Published on Thursday, July 30, 2020 | 8:31 am

State Senator Anthony J. Portantino’s (D–Pasadena) SB 1299 which would create a program for cities to convert abandoned big box retail sites into affordable and workforce housing passed the Assembly Housing and Community Development Committee Wednesday with bipartisan support.

Under Portantino’s bill, local governments will be able to use these incentives to replace sales tax revenues previously generated from big box retail stores.

Specifically, SB 1299 will enable local cities to receive from HCD the average of the annual amount of sales tax revenue generated by that site for the last seven years if the site has been converted and occupied with new housing. The city would receive that average amount for a total of seven years.

The bill previously passed the Senate unanimously. Senator Portantino has long supported incentive based legislation and SB 1299 is consistent with that approach.

The Los Angeles County Business Federation (BizFed) suggested the bill idea to the Senator earlier in the year to help address Los Angeles County’s housing shortage.

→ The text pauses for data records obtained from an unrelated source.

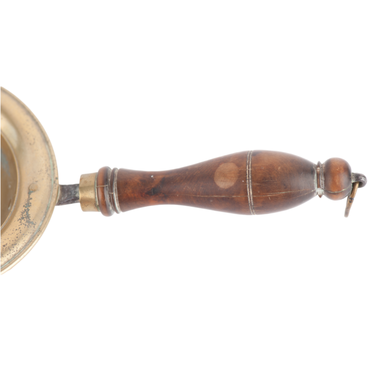 Koperen ronde binnenbak van een pijpkomfoor met aan weerszijden twee schuin opstaande houten handvatten met ophangringen. Datering: 20e eeuw. Conditie: prima, hier en daar gebruikssporen en patina. Afmetingen: ca. Lang 25cm, hoog 5,5cm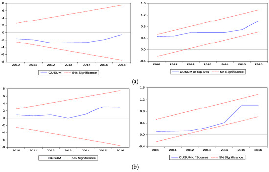 After estimating the VAR model, diagnostic tests are conducted in order to determine whether the models are well specified and stable. These tests include the Jarque-Bera Normality test, the Breusch-Godfrey LM test for the existence of autocorrelation, the White Heteroskedasticity test, the Multivariate ARCH test and the AR roots stability test. In addition, the cumulative sum of recursive residuals (CUSUM) and the CUSUM of squares (CUSUMQ) tests are performed in order to detect parameter instability in the equations. Specifically, the CUSUM test detects systematic changes, while the CUSUMQ test detects haphazard changes in the parameters [37]. The CUSUM test proposed by Brown et al. [37] is based on the statistic: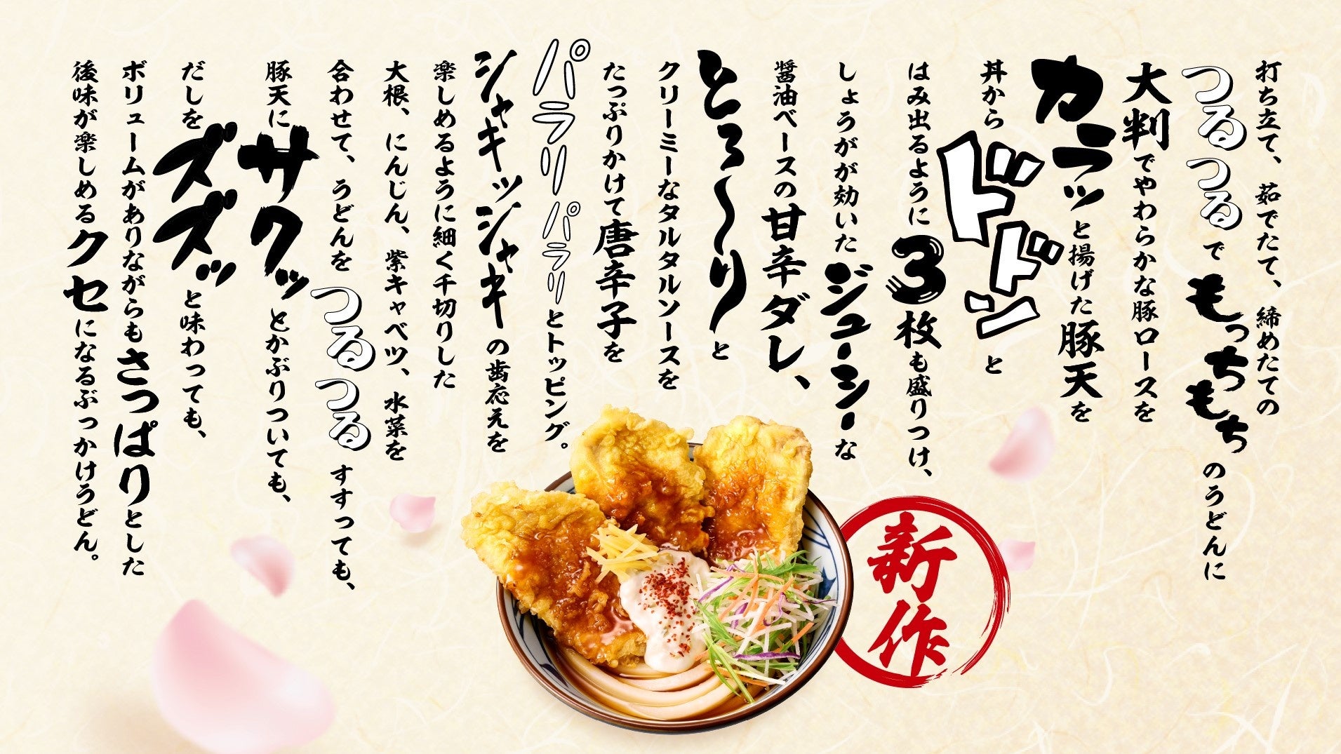 完全新作!大きな豚天3枚とできたてうどんで、おいしさあふれる『甘辛しょうがダレのはみ出る豚天ぶっかけうどん』今年も帰ってきた春の定番!旨みあふれる『山盛りあさりうどん』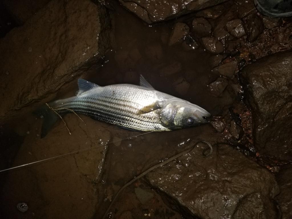 About 30 min later got smoked by a 22" striper on a 4" soft plastic. Fish was really chubby. Called it at 130 am on 12/4. Was my first night adventure in a long time. Felt good, especially in december... been doing a lot of toggin and flounder fishing with quality results from shore. This was a nice lil change of pace.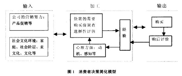 消费者决策是一个问题解决的过程,它包括三个独立而又密切相关的阶段,即输入、加工和输出阶段。这些阶段被描述成消费者决策简化模型,该模型(见图1)与影响消费者决策的所有个体和团体方面的因素都有联系。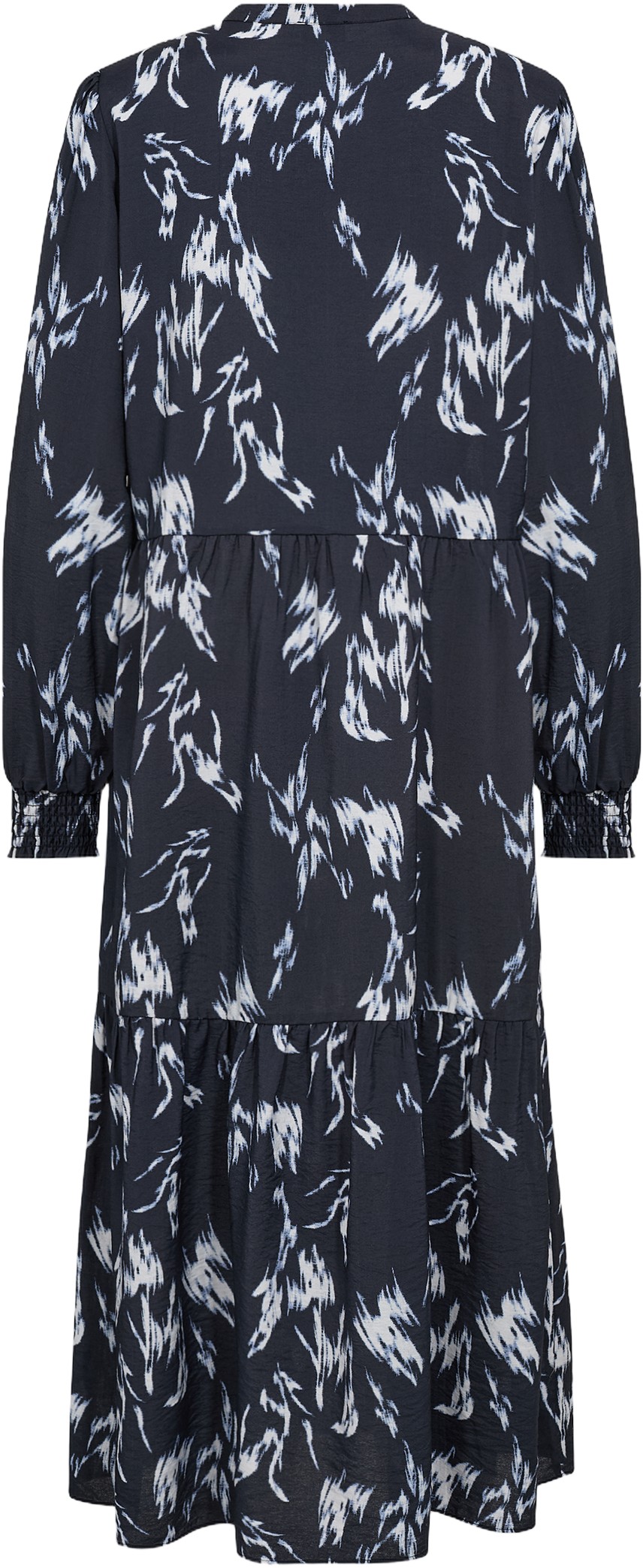 LR-PENN 2 er en elegant kjole fremstillet af 90% LENZING ECOVERO-viskose og 10% nylon. Den har en rund krave, knaplukning, lange pufærmer og et abstrakt print med et midilangt skørt. Sæt den sammen med minimalistisk tilbehør og ankelstøvler for et elegant

“I am excited to be working with BizFed on this creative idea to generate more housing production. California’s severe housing shortage needs creative and financially viable proposals and this is one that has significant merit.  Despite having some of the highest incomes in the country, California is among the nation’s leaders in both housing insecurity and effective poverty rate. This bill will generate housing production and incentivizes local governments to build the truly affordable housing that Californians need,” commented Senator Portantino.

HCD estimates that California needs to build almost 200,000 housing units a year to keep up with demand and create a sustainable housing supply for Californians. Unfortunately, the state is achieving around half of that target, causing the problem to compound. The rise of e-commerce has cratered the demand for traditional shopping centers resulting in significant store closers.  The ongoing COVID-19 pandemic will likely contribute to this as well, as many stores that were on the brink face uncertain financial futures.